### [RECORDED DATA]
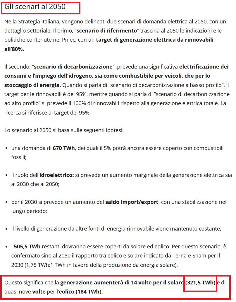 I piani di sviluppo per l'Italia al 2050 prevedono la produzione di 321 TWh/anno da fotovoltaico. Ricordando che 1 m2 di questi miracolosi pannelli produce non più di 140-150 kWh/anno,
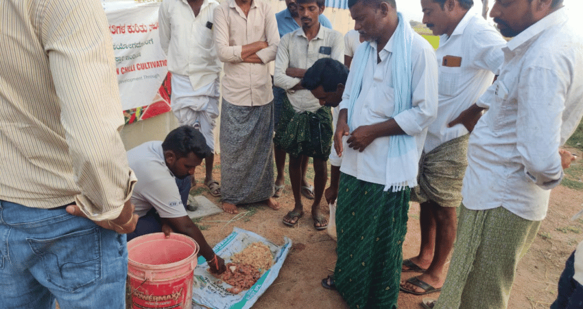 M. Mallikarjuna, a small-scale farmer from Madire village in Kurgodu Taluk, Ballari, cultivates red chilli (HPH 5531) on 4.5 acres. Like many farmers in the region, he initially relied heavily on chemical fertilizers, plant growth regulators (PGRs), and synthetic fungicides. Frequent spraying significantly increased his cultivation costs while providing limited returns, rendering his farm economics unsustainable.
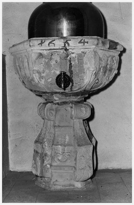 Ces fonts baptismaux proviennent de l'édifice antérieur. Ils ont été placés à l'extérieur de l'église pendant un certain temps puis mis à l'abri dans l'église. Le couvercle, en cuivre, est moderne. Le robinet de laiton également.
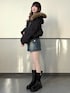 ボリューム感が可愛い ファー付きショートダウンで あったか&今っぽさを両立❄️✨ ショート丈だから デニムミニとの相性もばっちり💙 脚長効果も◎で バランスの取れたシルエットに🫶🏻 足元はごつめブーツで 甘さをおさえた カジュアルガーリーな 冬のスタッフコーデです🖤✨ ⸻ Instagram @mnrxing_

### [EXERCISE BRIEF]
The expected output is the exact run of lines from the one containing "Ces fonts baptismaux" through the final line of the data above, both ends included, with no pictures.

### [RESULT OF THIS EXERCISE]
 Ces fonts baptismaux proviennent de l'édifice antérieur. Ils ont été placés à l'extérieur de l'église pendant un certain temps puis mis à l'abri dans l'église. Le couvercle, en cuivre, est moderne. Le robinet de laiton également.
 ボリューム感が可愛い ファー付きショートダウンで あったか&今っぽさを両立❄️✨ ショート丈だから デニムミニとの相性もばっちり💙 脚長効果も◎で バランスの取れたシルエットに🫶🏻 足元はごつめブーツで 甘さをおさえた カジュアルガーリーな 冬のスタッフコーデです🖤✨ ⸻ Instagram @mnrxing_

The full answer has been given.